Prior to the current study, hundreds of Fanzors had been found among eukaryotic organisms. Through an extensive search of genetic databases led by lab member Justin Lim, Gootenberg and Abudayyeh’s team has now expanded the known diversity of these enzymes by an order of magnitude.

Among the more than 3,600 Fanzors that the team found in eukaryotes and the viruses that infect them, the researchers were able to identify five different families of the enzymes. By comparing these enzymes’ precise makeup, they found evidence of a long evolutionary history.

Fanzors likely evolved from RNA-guided DNA-cutting bacterial enzymes called TnpBs. In fact, it was Fanzors’ genetic similarities to these bacterial enzymes that first caught the attention of both Zhang’s group and Gootenberg and Abudayyeh’s team.

The evolutionary connections that Gootenberg and Abudayyeh traced suggest that these bacterial predecessors of Fanzors probably entered eukaryotic cells, initiating their evolution, more than once. Some were likely transmitted by viruses, while others may have been introduced by symbiotic bacteria. The research also suggests that after they were taken up by eukaryotes, the enzymes evolved features suited to their new environment, such as a signal that allows them to enter a cell nucleus, where they have access to DNA.
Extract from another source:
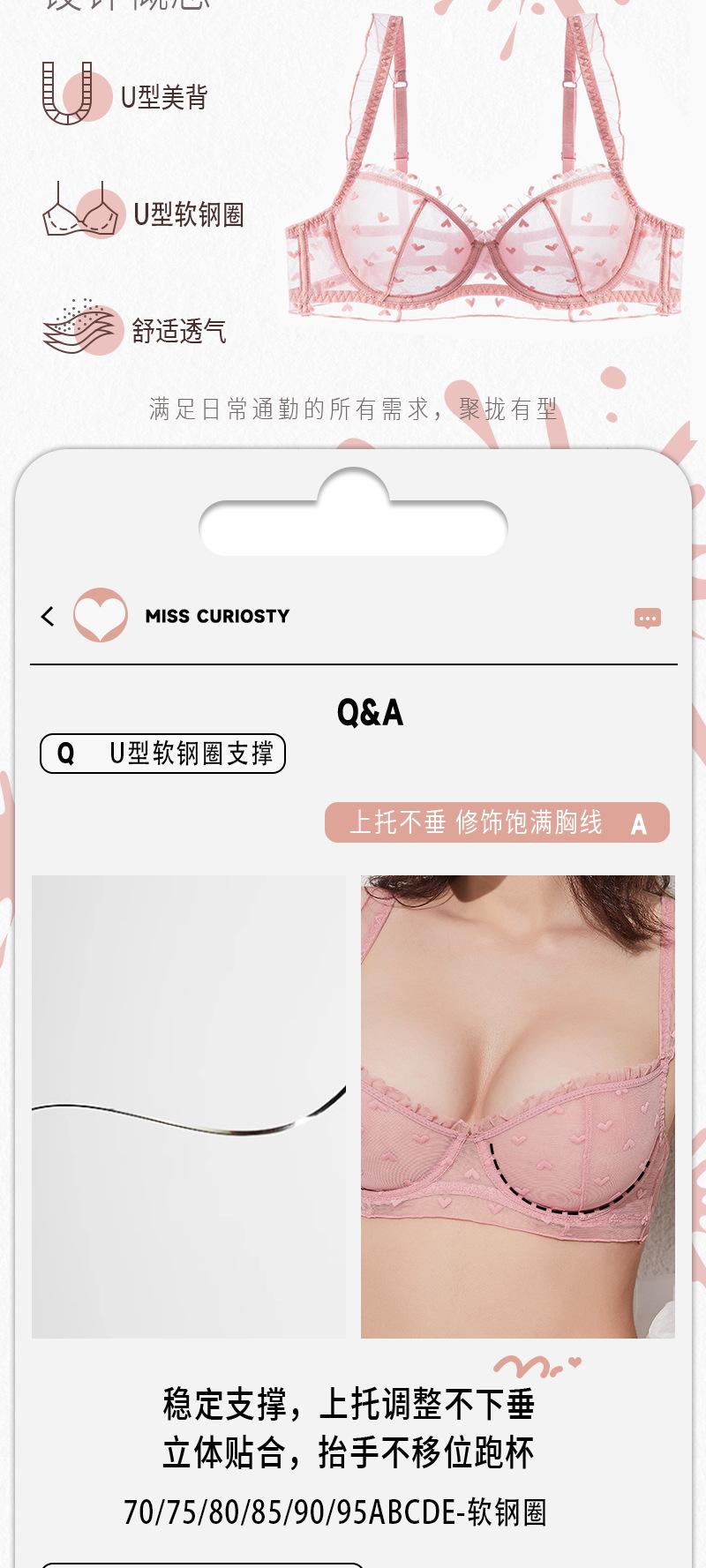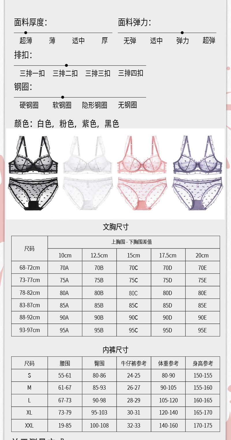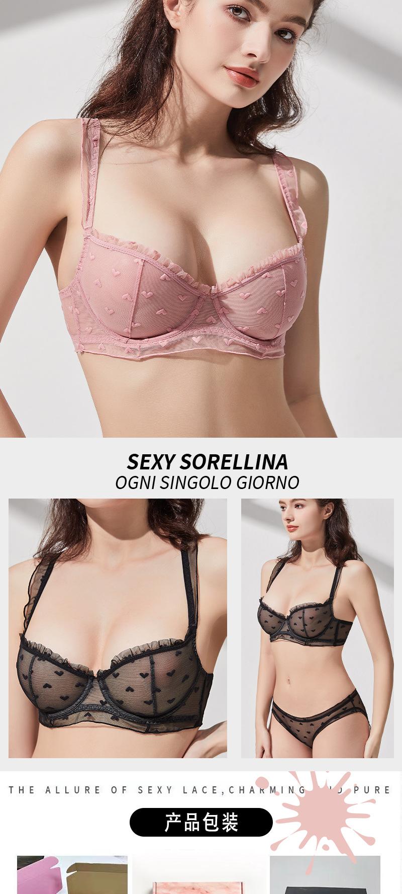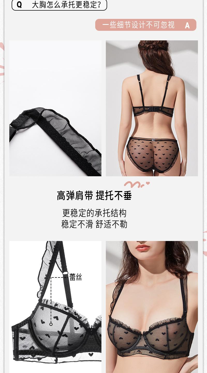Conjunto de ropa interior de encaje sexy, ropa interior fina de pecho grande y pequeña para mujer, sujetador transpirable Pure Desire, conjunto de sujetador ultrafino

Through genetic and biochemical experiments led by graduate student Kaiyi Jiang, the team determined that Fanzors have evolved a DNA-cutting active site that is distinct from that of their bacterial predecessors. This seems to allow the enzyme to cut its target sequence more precisely the ancestors of TnpB, when targeted to a sequence of DNA in a test tube, become activated and cut other sequences in the tube; Fanzors lack this promiscuous activity. When they used an RNA guide to direct the enzymes to cut specific sites in the genome of human cells, they found that certain Fanzors were able to cut these target sequences with about 10 to 20 percent efficiency.

With further research, Abudayyeh and Gootenberg hope that a variety of sophisticated genome editing tools can be developed from Fanzors. “It’s a new platform, and they have many capabilities,” says Gootenberg. “Opening up the whole eukaryotic world to these types of RNA-guided systems is going to give us a lot to work on,” Abudayyeh adds.